4.4.  Safety Testing

Safety testing ensures that the telemetric device is safe for users and does not pose any electrical, mechanical, or thermal hazards.

4.4.1.      Electrical Safety Tests

• Dielectric Voltage Withstand Test (Hipot Test): Verifies the insulation strength by applying high voltage between the electrical circuits and chassis. Standards like IEC/EN 60950-1 or IEC/EN 62368-1 are used.
• Leakage Current Test: Measures the leakage current flowing through the device's insulation to ensure it is within safe limits. Standards such as IEC/EN 60950-1 or IEC/EN 62368-1 apply.
• Ground Continuity Test: Ensures the integrity of the ground connection in the device to protect against electric shock. Standards like IEC/EN 60950-1 or IEC/EN 62368-1 are used.
• Insulation Resistance Test: The insulation resistance test measures the insulation resistance between conductive parts and accessible surfaces of the device. It ensures that the insulation is intact and can withstand electrical stresses. The IEC/EN 60950-1 or IEC/EN 62368-1 standards specify the test methods and requirements for insulation resistance testing.
• Ground Continuity Test: The ground continuity test verifies the integrity of the ground connection in the device. It ensures that the device has a reliable path to ground, which is essential for electrical safety. The IEC/EN 60950-1 or IEC/EN 62368-1 standards define the test methods and requirements for ground continuity testing.
• Earth Bond Resistance Test: The earth bond resistance test evaluates the resistance of the protective earth connection in the device. It ensures that the protective earth connection is robust and can effectively carry fault currents to ground. The IEC/EN 60950-1 or IEC/EN 62368-1 standards define the test methods and requirements for earth bond resistance testing.
• Leakage Current Test: The leakage current test measures the current that flows from conductive parts or components within the device to the enclosure or chassis. It ensures that leakage currents do not exceed safe limits. The IEC/EN 60950-1 or IEC/EN 62368-1 standards specify the test methods and limits for leakage current (enclosure leakage) testing.
• Touch Current and Protective Conductor Current Test: The touch current and protective conductor current test assesses the leakage current that may flow through accessible parts of the device or the protective conductor. It ensures that leakage currents are within safe limits to prevent electric shock. The IEC/EN 60950-1 or IEC/EN 62368-1 standards specify the test methods and limits for touch current and protective conductor current testing.

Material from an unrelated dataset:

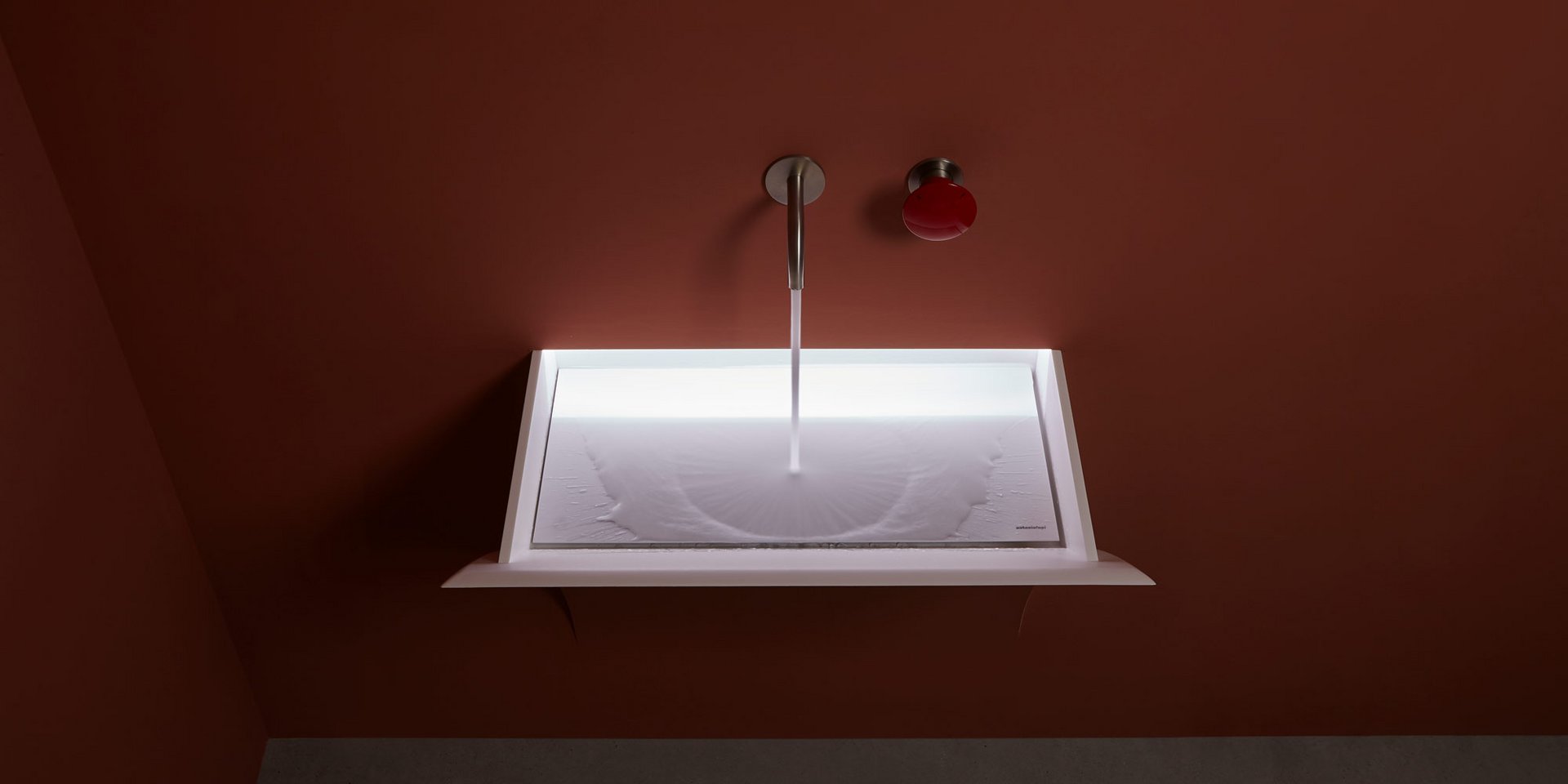 Encased Corian sink with or without led lighting, complete with inspectable drain, trap and flexible hose.

4.4.2.      Mechanical Safety Tests

• Drop Test: Assesses the device's ability to withstand drops and impacts during normal handling and use. Standards like IEC 60068-2-32 are commonly used.
• Vibration Test: Evaluate the device's resistance to vibrations that may occur during transportation or operation. Standards such as IEC 60068-2-6 apply.

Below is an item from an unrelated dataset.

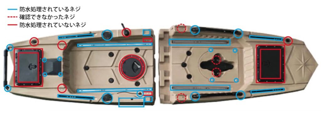 排水口以外に排水できる場所は、カヤックの結合部や足漕ぎペダルの開口部からも排水されるので、排水能力は充分です。ちょっと波をかぶって海水が入ってきても、すぐに排水されます。

4.4.3.      Thermal Safety Tests

• Temperature Rise Test: Measures the temperature rise in the device's components to ensure it operates within safe limits. Standards like IEC/EN 60950-1 or IEC/EN 62368-1 are used.
• Overload Test: Assesses the device's ability to handle electrical overloads without failure. Standards such as IEC/EN 60950-1 or IEC/EN 62368-1 apply.

4.5.  Choosing a Notified Body

For certain categories of telemetric devices, particularly those with complex technology or higher risk, involving a notified body is required or recommended. A notified body is an independent organization designated by an EU country to assess the conformity of certain products before being placed on the market. They can assist with:

• Reviewing the Technical File.
• Conducting additional testing.
• Issuing certificates of conformity.

4.6.  Certification Process and Documentation

After successful testing, the following documentation must be prepared and maintained:

• Technical File: Includes all design, manufacturing, and testing documentation.
• EU Declaration of Conformity (DoC): A formal statement that the product complies with all relevant directives.
• CE Marking: Affixed to the product and its packaging.

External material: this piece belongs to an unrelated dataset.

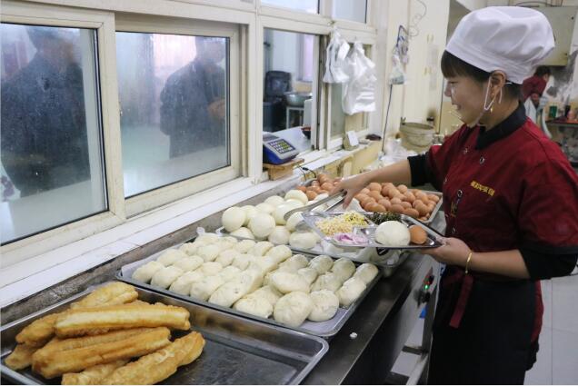 袁曉風(fēng)是職工食堂的一名職工,她主要負(fù)責(zé)日常打飯工作,清晨6點30分,當(dāng)上早班的職工陸陸續(xù)續(xù)走進食堂,她將剛蒸好的饅頭、包子,煮好的雞蛋以及精心準(zhǔn)備好的小菜與一碗熱騰騰的稀飯通過窗口遞到職工手里。袁曉風(fēng)說:“餐飲最能決定職工過節(jié)的心情,一碗熱乎乎的飯菜,一句節(jié)日的溫馨問候,讓職工在井下作業(yè)期間,更能夠感受到節(jié)日的氛圍和項目部大家庭帶來的溫暖。

By following these testing and certification steps, manufacturers can ensure their telemetric devices meet all CE marking requirements, guaranteeing safety, reliability, and market acceptance within the European Economic Area.

5      Documentation and Record Keeping

5.1.  Technical File

The Technical File is a comprehensive document that contains all the information and evidence demonstrating the compliance of the telemetric device with relevant EU directives and standards. It serves as a reference for regulatory authorities and must be kept up to date throughout the device's lifecycle.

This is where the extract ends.